Playing with PDF and images in my virtualenv, and I installed pdfminer-six
, pypdf2
, pytesseract
and pdf2image
with pip:
$python3 -m venv testenv
$source testenv/bin/activate
$pip3 install pdfminer-six
$pip3 install pypdf2
$pip3 install pdf2image
$pip3 install pytesseract
but then I ran into these importing errors:
$python3
>>> import pytesseract
Traceback (most recent call last):
File "/home/userx/test_dir/testenv/lib/python3.7/site-packages/pytesseract/pytesseract.py", line 22, in <module>
from PIL import Image
File "/home/userx/test_dir/testenv/lib/python3.7/site-packages/PIL/Image.py", line 94, in <module>
from . import _imaging as core
ImportError: cannot import name '_imaging' from 'PIL' (/home/userx/test_dir/testenv/lib/python3.7/site-packages/PIL/__init__.py)

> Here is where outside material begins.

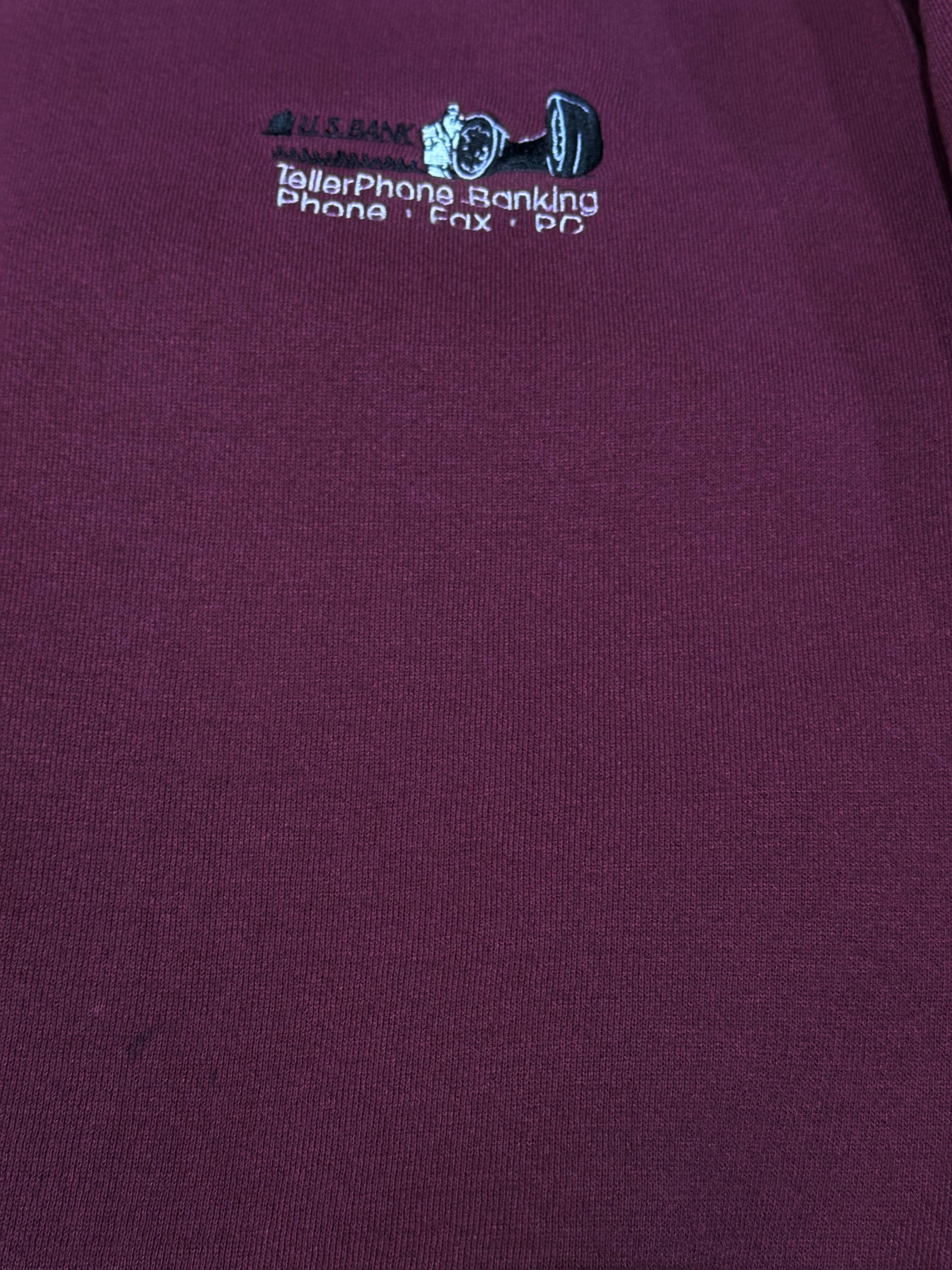 バーガンディボディに、US BANKの白黒の刺繍がアクセントのスエットです。

During handling of the above exception, another exception occurred:
Traceback (most recent call last):
File "<stdin>", line 1, in <module>
File "/home/userx/test_dir/testenv/lib/python3.7/site-packages/pytesseract/__init__.py", line 1, in <module>
from .pytesseract import ( # noqa: F401
File "/home/userx/test_dir/testenv/lib/python3.7/site-packages/pytesseract/pytesseract.py", line 24, in <module>
import Image
ModuleNotFoundError: No module named 'Image'
and
>>> from pdf2image import convert_from_path
Traceback (most recent call last):
File "<stdin>", line 1, in <module>
File "/home/userx/test_dir/testenv/lib/python3.7/site-packages/pdf2image/__init__.py", line 5, in <module>
from .pdf2image import (
File "/home/userx/test_dir/testenv/lib/python3.7/site-packages/pdf2image/pdf2image.py", line 14, in <module>
from PIL import Image
File "/home/chengx/pdf_text/testenv/lib/python3.7/site-packages/PIL/Image.py", line 94, in <module>
from . import _imaging as core
ImportError: cannot import name '_imaging' from 'PIL' (/home/userx/test_dir/testenv/lib/python3.7/site-packages/PIL/__init__.py)
(That said, from PyPDF2 import PdfFileReader
worked well though.)
I then have Pillow
installed via pip too:
$python3 -m pip install Pillow
as an attempt to fix the issue, but the import errors didn't go away. Any reason why imaging is still missing? Thank you!
I'm on CentOS8, and this is my current setup:
(testenv) [~/test_dir] python --version
Python 3.7.5+
(testenv) [~/test_dir] pip -V
pip 20.2.3 from /home/userx/test_dir/testenv/lib/python3.7/site-packages/pip (python 3.7)
(testenv) [~/test_dir] pip list
Package Version
---------------- --------
cffi 1.14.3
chardet 3.0.4
cryptography 3.1.1
pdf2image 1.14.0
pdfminer.six 20200726
Pillow 7.2.0
pip 20.2.3
pycparser 2.20
PyPDF2 1.26.0
pytesseract 0.3.6
setuptools 41.2.0
six 1.15.0
sortedcontainers 2.2.2